Hamilton Ontario Works recipients staying in system longer
(CBC Hamilton, Samantha Craggs, July 12 2013)
New figures show that the number of Hamilton residents on social assistance is slowly returning to pre-recession levels. But those receiving it are having a harder time getting off.
The average time spent on Ontario Works before the 2009 recession was 18 months. So far in 2013, it's more than two years- 27.5 months.
The city is spending $5,735,800 over the next two years to try to bring those numbers down. To do that it will keep 30 workers hired to work more intensely with local OW recipients, said Joe-Anne Priel, general manager of community services....

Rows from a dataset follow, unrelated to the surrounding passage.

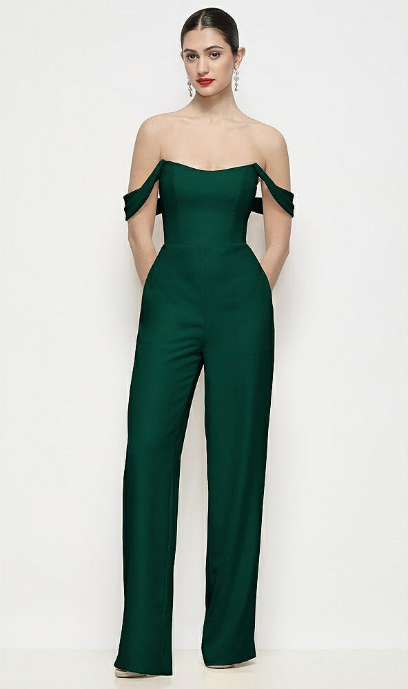 Off-the-Shoulder Basque Neck Crepe Wide Leg Formal Jumpsuit in Hunter Green
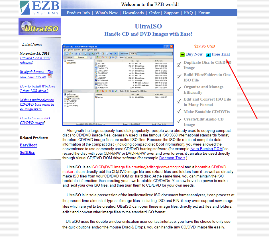 - Купите или скачайте пробную версию, которой вполне хватит для выполнения нашей задачи, с официального сайта разработчика: https://ezbsystems.com/ultraiso/.
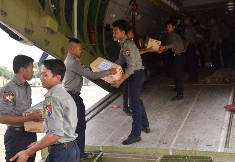 ရခိုင်ပြည်နယ်အတွင်းရှိ သဘာဝဘေးဒဏ်သင့်ပြည်သူများအတွက် ကူညီကယ်ဆယ်ရေးပစ္စည်းများ၊ ပြန်လည်ထူထောင်ရေးပစ္စည်းများနှင့် စားသောက်ဖွယ်ရာပစ္စည်းများကို တပ်မတော်ရေယာဉ်များ၊ လေယာဉ်/ရဟတ်ယာဉ်များ၊ မော်တော်ယာဉ်များဖြင့် နေ့စဉ်ပို့ဆောင်ပေးလျက်ရှိသည်။
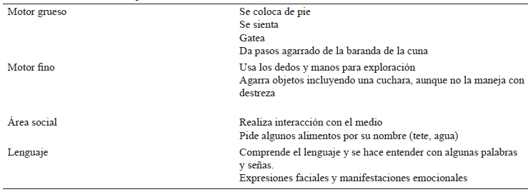 Con respecto a su evolución psicomotriz, el niño se sienta, gatea, agarra objetos, come solo, lo que indica que ha superado por completo los problemas de deglución. Aunque el niño presenta un evidente déficit en sus funciones motoras y cognitivas con respecto a su edad, no presenta recidivas ni perdida de funciones o aspectos del desarrollo alcanzados, por el contrario, su curva de aprendizaje y desarrollo progresa paulatinamente en respuesta al tratamiento.
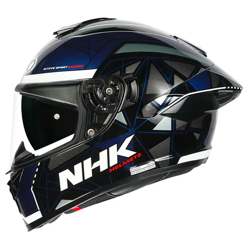 The NHK K5R Triangle Black Blue is built for riders who value dependable safety, comfort and a bold, geometric graphic design. Crafted using a durable yet lightweight thermo-polymer shell, this full-face helmet offers strong impact protection while remaining comfortable for long commutes and touring rides. Its aerodynamic profile helps reduce wind resistance, allowing for improved stability at higher speeds. The helmet features a dual-visor system, including a Pinlock-ready clear visor for enhanced clarity and an internal sun visor for quick adaptation to bright conditions. With a well-structured multi-ventilation system, the K5R Triangle ensures continuous airflow, helping riders stay cool throughout long hours on the road. The removable and washable comfort liner provides a secure and hygienic fit, while built-in speaker pockets allow seamless use of Bluetooth communication devices. Certified with ECE 22.06 and ISI standards, the Triangle Black Blue offers reliable protection paired with a striking black and blue graphic finish.
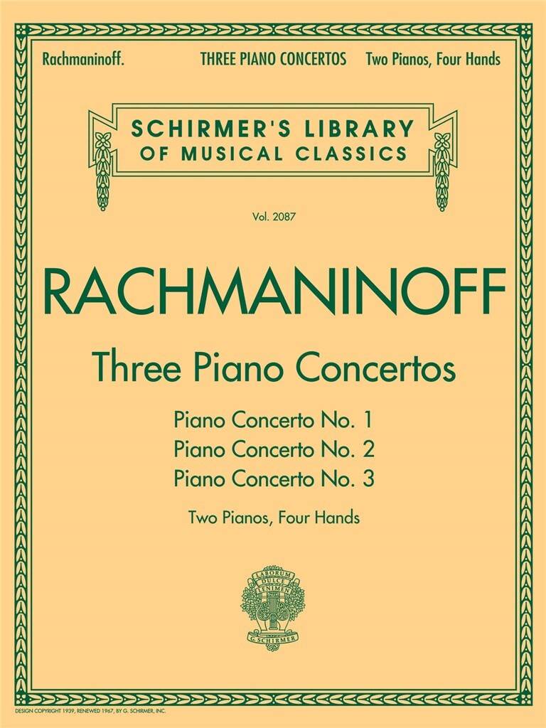 RACHMANINOFF:THREE PIANO CONCERTOS 1,2 & 3 TWO PIANOS FOUR HANDS iz kategorije skladbe, sodi med odlične klavir.
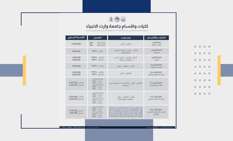 في إطار سعي جامعة وارث الأنبياء (عليه السلام) لإعداد كوادر طبية مؤهلة تسهم في الارتقاء بالقطاع الصحي في العراق،كلية الصيدلة وكلية طب الأسنان تقدم برامج أكاديمية متميزة
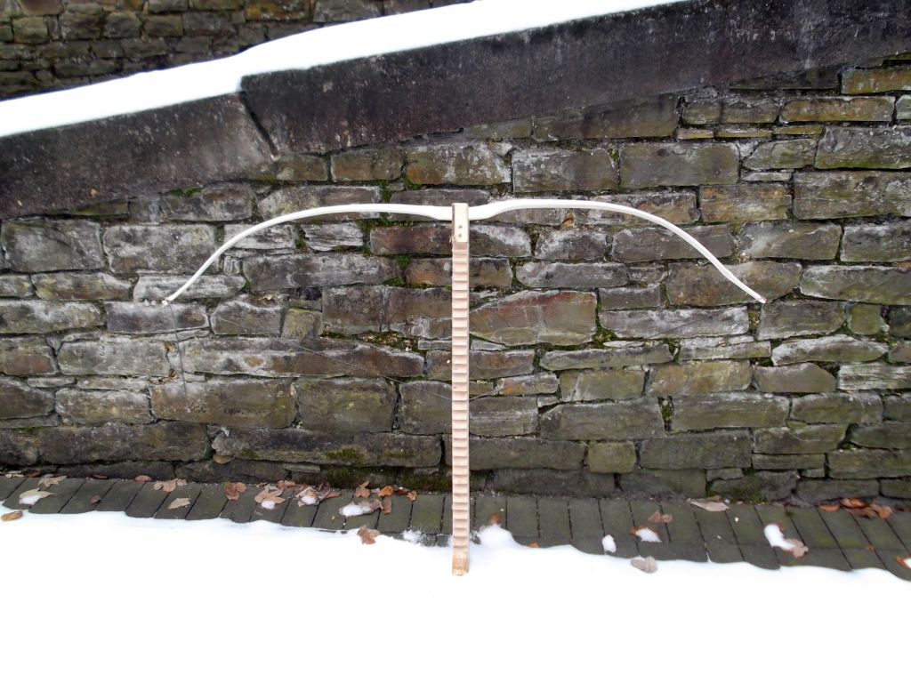 Gestern hab ich den Bogen dann mal voll ausgezogen und mit Wassereimern das Zuggewicht bestimmt - 32#@28" - Norm erfüllt und keine weiteren Stauchbrüche
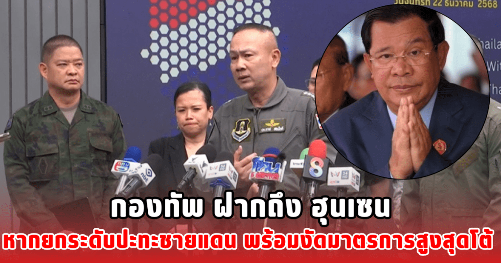 วันที่ 22 ธันวาคม 2568 ที่ศูนย์แถลงข่าวร่วมสถานการณ์ไทย-กัมพูชา พล.อ.อ.ประภาส สอนใจดี ผู้ช่วยผู้บัญชาการทหารอากาศ ในฐานะผู้อำนวยการศูนย์แถลงข่าวฯ กล่าวถึงกรณี สมเด็จฮุน เซน ประธานวุฒิสภากัมพูชา ออกมาแสดงท่าทีและส่งสัญญาณถึงยุทธศาสตร์ความขัดแย้งระยะยาวกับประเทศไทยว่า ประเด็นดังกล่าวถือเป็นเรื่องที่ต้องให้ความสำคัญ เนื่องจากเป็นถ้อยแถลงจากผู้นำระดับสูงของกัมพูชา ซึ่งมีลักษณะสร้างความเชื่อและการมีส่วนร่วมภายในประเทศของตนเอง
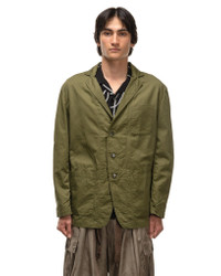 Unique cycling inspired jacket in a breathable cotton and linen chino cloth. Features a spread lapel with three-button closure. Three large patch pockets at the chest. Unique vented rear panel with concealed pockets. The jacket includes two custom silk scarves with a magnetic tab that allows it to be fastened to buttons at the rear vent. Made in Japan. DETAILS - K2103LJ043 - 75% cotton, 25% linen - 3 button closure - Spread collar - Patch front pockets - Includes two silk scarves with magnetic tab that can be attached to the rear vent - Concealed back pockets - Made in Japan
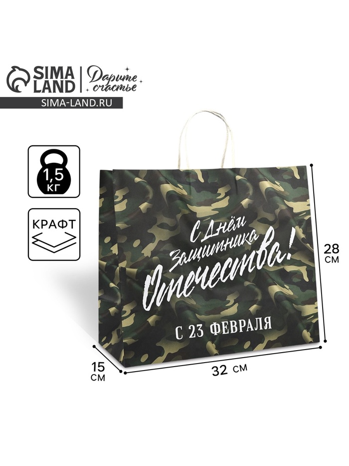 Пакет подарочный крафт «23 февраля», 32 х 28 х 15 см
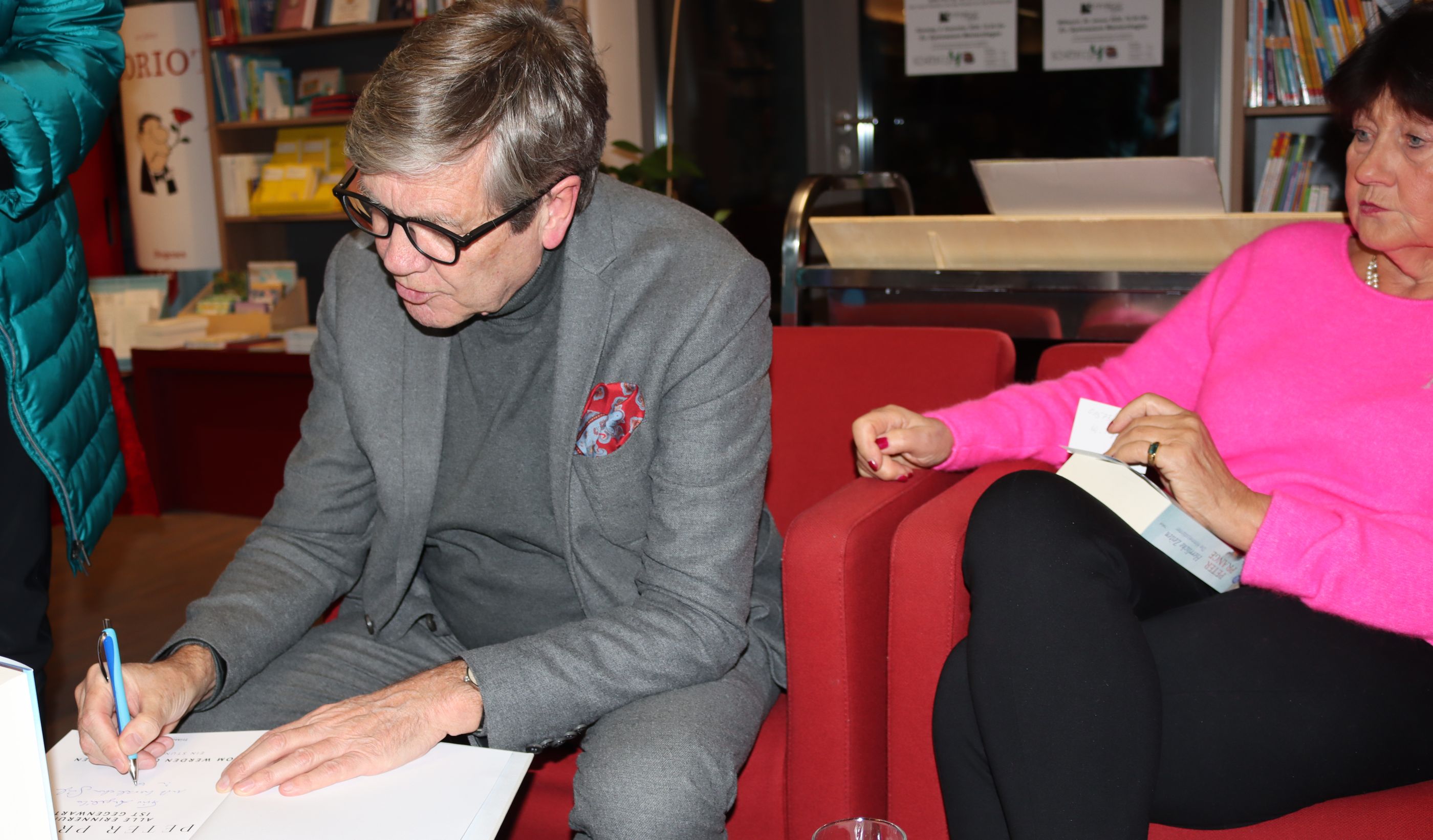Zwischenstopp auf dem Weg von Tübingen zum Termin in Hagen. In der Buchhandlung Schmitz in Meinerzhagen wurde die mit Peter Prange geplante Signierstunde am Dienstag, 2. Dezember, zu einer amüsanten Plauderstunde. Der Erfolgsautor, dessen Bücher teilweise auch verfilmt worden sind, erwies sich als eloquenter Erzähler und sympathischer Gesprächspartner, mit dem die Zeit wie im Fluge verging.
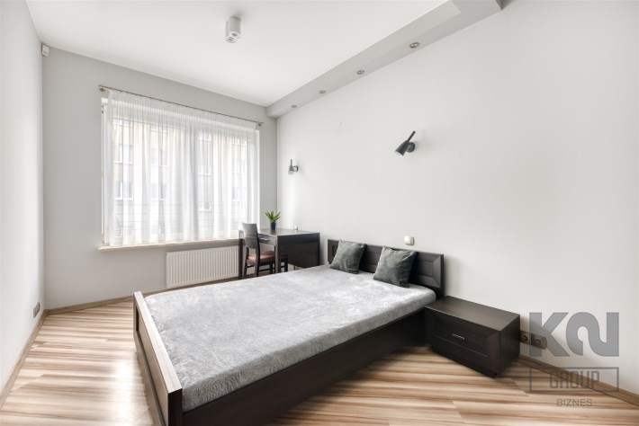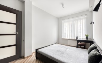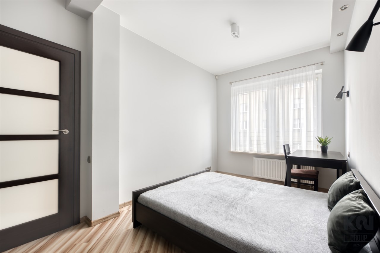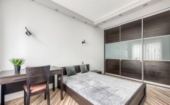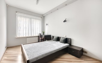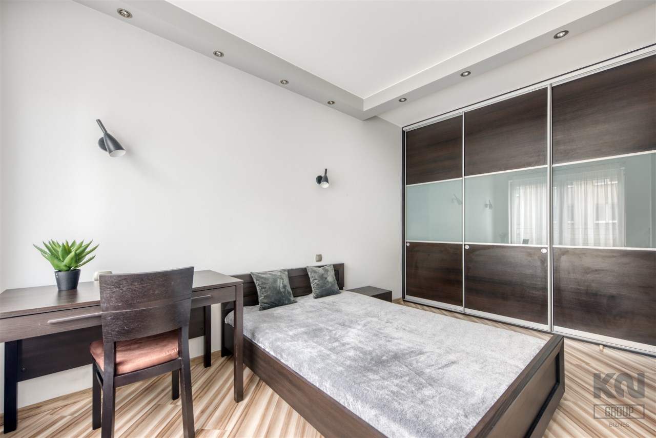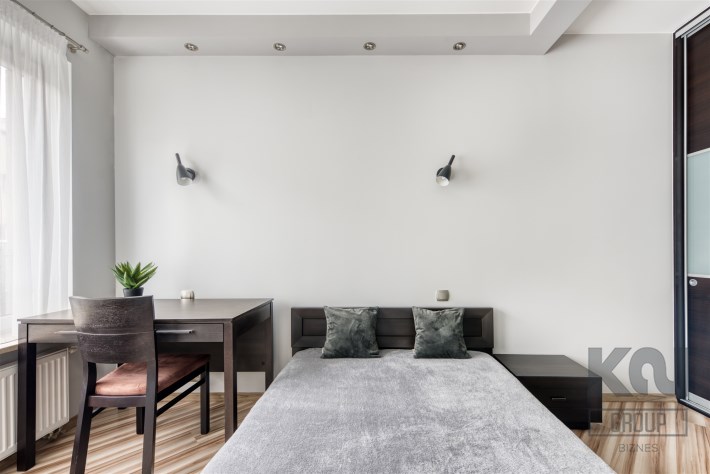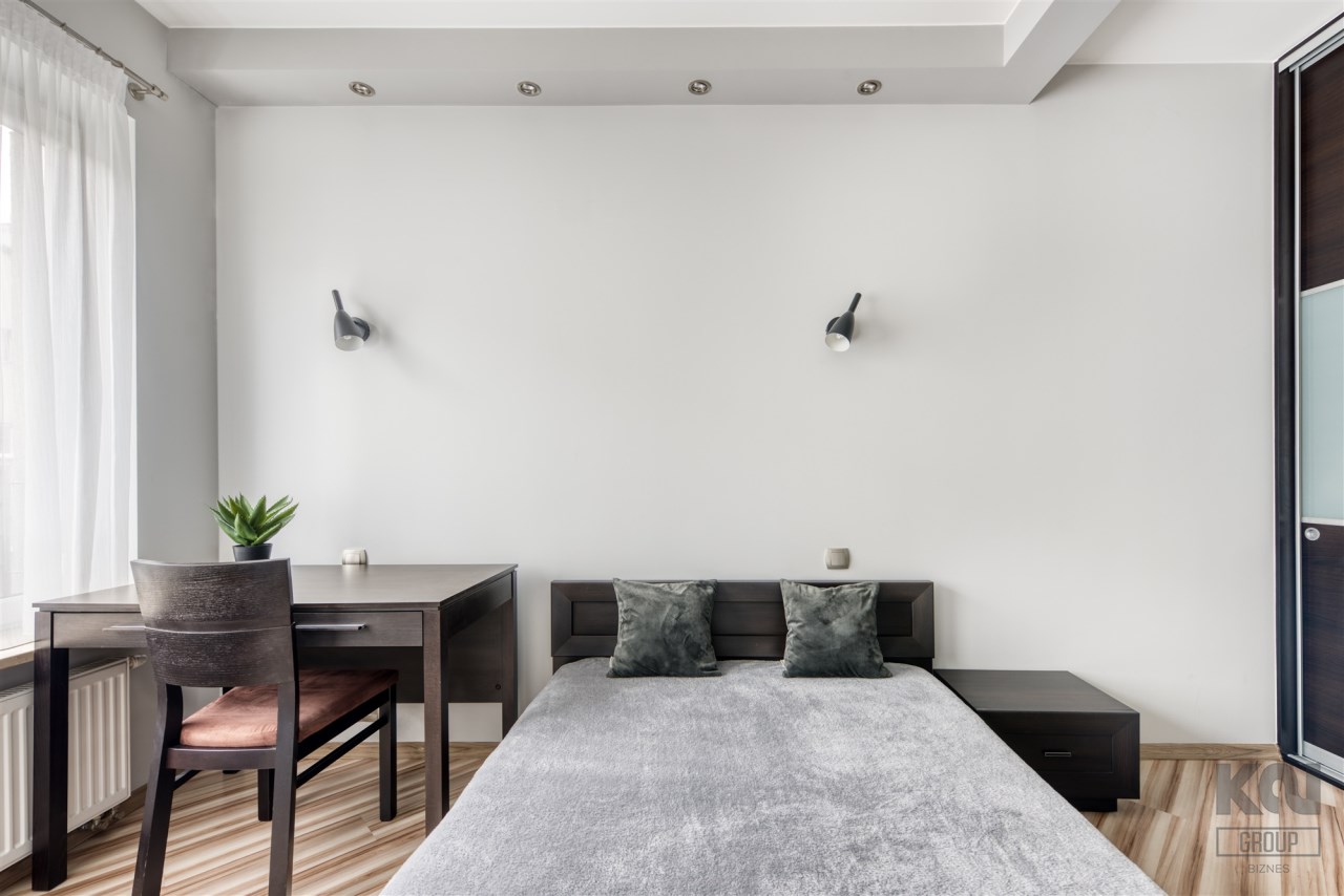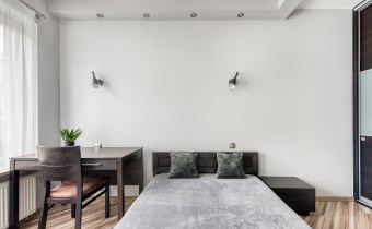 - przytulną sypialnię z dużym łóżkiem, zabudowaną szafą i miejscem do pracy;

In 2009, the city hired 30 extra staff to deal with the increase, paying for it using an OW reserve. The goal of reducing the caseload has been working. As of May, there are 12,950 Hamiltonians on OW. That number is expected to be about 10,000 by 2016....
Nearly half of OW recipients have been on social assistance for less than one year. Twenty-two per cent have been on it for one to two years, and the remaining — nearly one third — have been on OW longer than two years.
According to another CBC Hamilton story (about "Hamilton's increasingly bright employment picture"), the city's annual OW caseload stood at 10,035 in 2008. At 18 months per OW case on average, that was a pool of 180,630 jobless months. As of May 2013, with 12,950 OW cases in the city at 27.5 months per case on average, we now have a pool of 356,125 jobless months.